"Es sah aus, als habe es Nebel bis zum Boden", sagt Chantal Wicker, Besitzerin von Pferd Amor, gegenüber Radio Argovia. "Aber es war alles Staub." Amor ist in einem Stall in der Nähe der Bözbergtunnel-Baustelle untergebracht, er leide schon seit seiner Geburt unter einer Stauballergie. Wicker: "Die tierärztliche Behandlung kostet tausend Franken und heilen kann man die Pferde nicht. Man muss einfach den Staub so gut es geht vermeiden."
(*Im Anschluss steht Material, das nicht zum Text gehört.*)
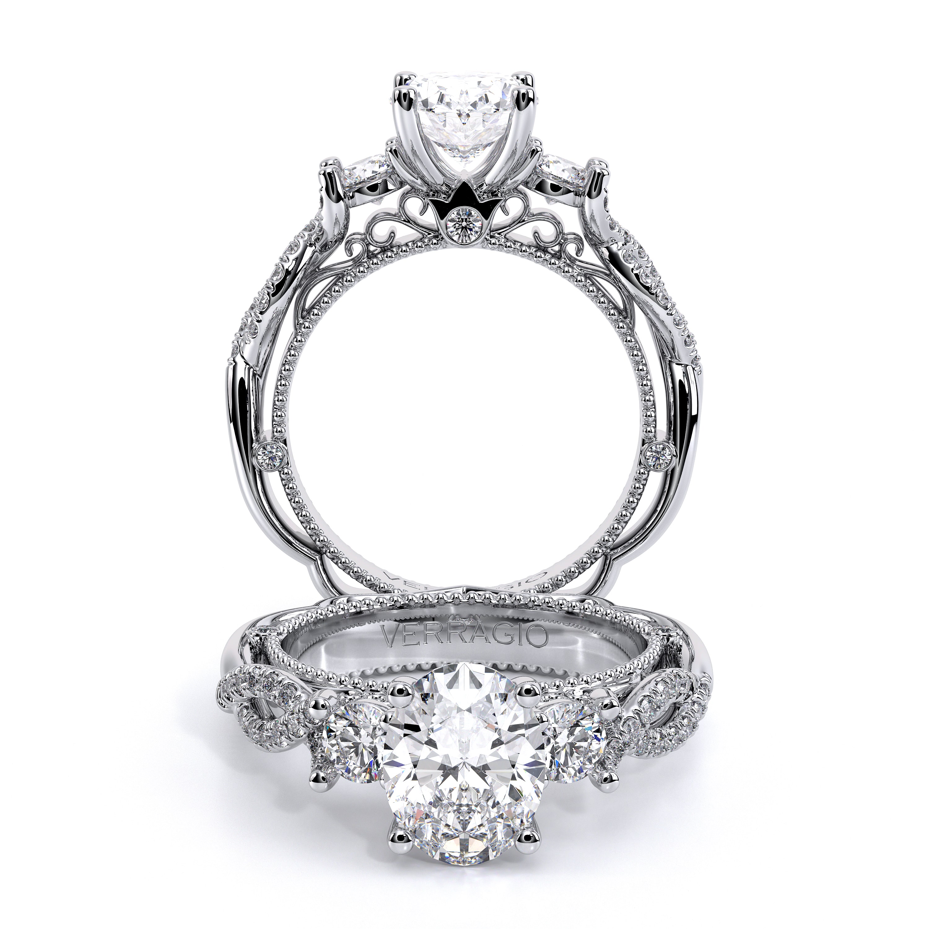 VENETIAN-5013OV features a three stone diamond engagament ring with two round side diamonds seemlesly integrated on a twisted diamond shank. The inner profile showcases beautifully handcrafted lace and our Verragio signature beading. Personalize this beauty with a center stone shape of your choice.
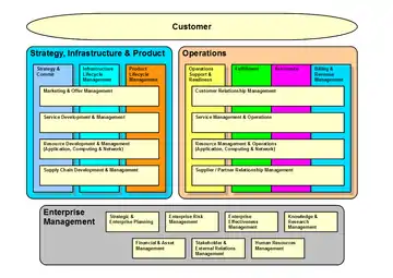The Business Process Framework is an operating model framework for telecom service providers in the telecommunications industry.[1] The model describes the required business processes of service providers, and defines key elements and how they should interact.
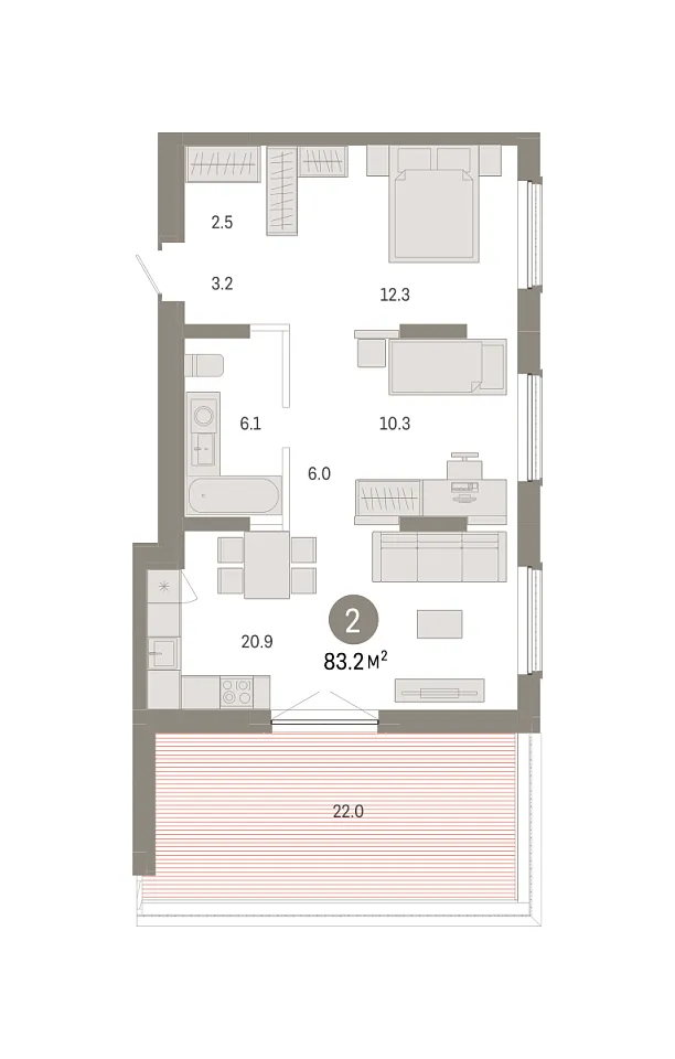 Количество комнат: 2, 83.21 кв.м.
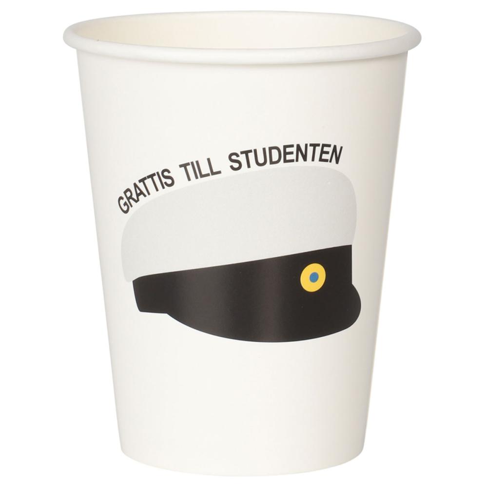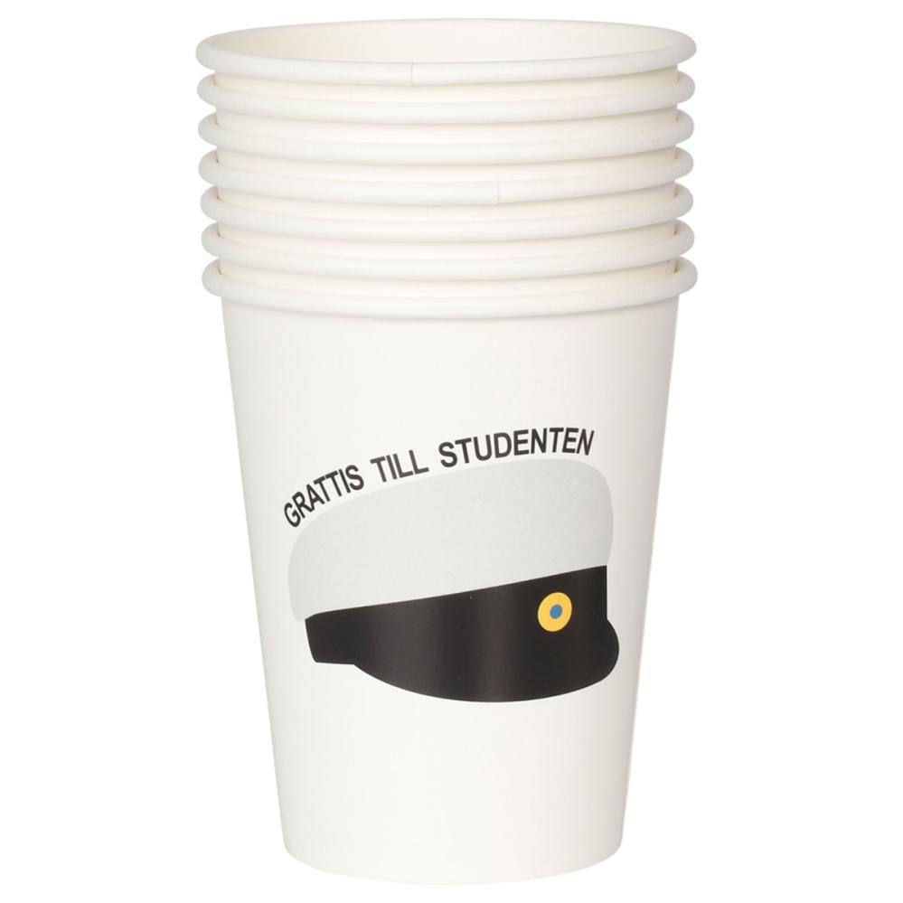 Pappkopper Studentlue 25 cl 8-pakning inneholder åtte hvite pappkopper, dekorert med teksten ”GRATULERER TIL STUDENTEN” i svart samt en klassisk studentlue.
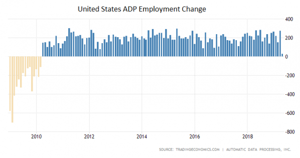 Am heutigen Mittwoch um 14:15 Uhr wurde der US-Arbeitsmarktbericht des privaten Arbeitsvermittlers ADP veröffentlicht. Er enthält Zahlen zur Veränderung der Arbeitsverhältnisse (Kündigungen, Neueinstellungen, Jobwechsel etc.) im Privatsektor per Ende Mai 2019. Demnach wurden im vergangenen Monat in den USA nur 27.000 neue Jobs außerhalb der Landwirtschaft geschaffen. Analysten hatten mit einem Plus von 180.000 Stellen gerechnet. Der Vormonatswert wurde zudem um 4.000 Stellen auf 271.000 nach unten revidiert. Zugleich brachte der Mai das niedrigste Jobwachstum im Rahmen des monatlichen ADP-Berichts seit März 2010. Am kommenden Freitag erscheint der offizielle Arbeitsmarktbericht der USA („Non-farm Payrolls“). Der Goldpreis legte nach Bekanntgabe der Zahlen weiter zu. Um 14:30 Uhr kostete die Feinunze Gold am Spotmarkt 1.342 US-Dollar (1.188 Euro). Mehr

Die SBB mache ihr jetzt mit der Baustelle einen Strich durch die Rechnung. "Auch andere Pferde haben bereits angefangen zu husten." Betroffen seien bis zu 30 Tiere, vier seien durch eine Allergie schon vorbelastet." Wicker habe die SBB bereits im September über das Problem informiert, aber verbessert habe sich nichts. 

Belastung über Jahre hinweg

Stauballergien bei Pferden? Rolf Liniger, Grosstierarzt der Tierklinik24 in Staffelbach, gibt Auskunft: "Während beim Menschen eine Staublunge auf verschiedene Ursachen zurückzuführen ist, reagieren Pferde meistens auf Heustaub allergisch." In solchen Fällen müssten die Halter das Heu vor dem Füttern entweder mit Dampf behandeln oder anderweitig nass machen um den Staub aus dem Futter zu entfernen. "Eine Heustauballergie ist nicht heilbar", so Liniger gegenüber der AZ. "Man kann aber die Symptome unter Kontrolle halten indem das Stallklima verbessert wird oder man ganz auf Heufütterung verzichtet."  

Davon, dass Pferde Allergien auf Baustaub entwickeln, habe er noch nie gehört. "Aber sollte ein Pferd über Jahre hinweg und permanent einer extremen Staubbelastung ausgesetzt sein, ist es nicht auszuschliessen, dass auch Pferde eine sogenannte Staublunge entwickeln. Gleich wie der Mensch. Was aber auch bedeuten müsste, dass Pferde in Wüstenländern vermehrt solche Probleme haben und dies wäre mir nicht bekannt."  

Hustende Pferde könne man, nach eingehender Abklärung der Ursache, beispielsweise mit der Inhalation von ätherischen Ölen, mit steroidalen Entzündungshemmern oder Antibiotika behandeln. Bei allergischer Ursache müsse vor allem das auslösende Allergen entfernt werden.  

Bauarbeiten bald vorbei

Das allergische Pferd Amor von Chantal Wicker ist auf der Pferdepension "Weisse Trotte" in Schinznach-Dorf untergebracht. Anders als Wicker hat Hofbesitzer Karl Urech noch kein Ross husten gehört. "Ich behandle die Tiere wie immer und sie können auch rausgehen so viel sie wollen", sagt er auf Anfrage der AZ. "Nur den auf Heustaub allergischen Pferden mache ich das Heu nass." Er sehe das alles "nicht so eng", die Bauarbeiten seien in zwei Monaten sowieso vorbei. 

Heuballen als Wiedergutmachung

Auf der Bözbergbaustelle gibt es Bewässerungsanlagen, die den entstehenden Staub verklumpen lassen. Diese kommen laut Wicker aber nicht genügend zum Einsatz und würden nicht oft eingeschaltet: "Ich will nur, dass die SBB das Wasser immer laufen lässt. Dann hätten wir Pferdehalter auch keine Probleme."

Auf Anfrage Radio Argovias schreibt die SBB: "Man hat seit dem 19. Oktober Kenntnis von den Pferden. […] Ob ein Zusammenhang zwischen dem Tunnelbau im Bözberg und den Pferden besteht, ist uns aktuell nicht bekannt und muss von einem Tierarzt beantwortet werden." Man würde jedoch mit den Tieren mitfühlen und habe ihnen ein paar Heuballen versprochen.

Chantal Wicker ist damit nicht zufrieden: "Dies ist nett, schlussendlich bringt es aber nichts, wenn wir kranke Pferde haben."

Demnächst wird ein SBB-Tunnelbauer bereits zum zweiten Mal den Hof besuchen und sich ein Bild von der Lage machen.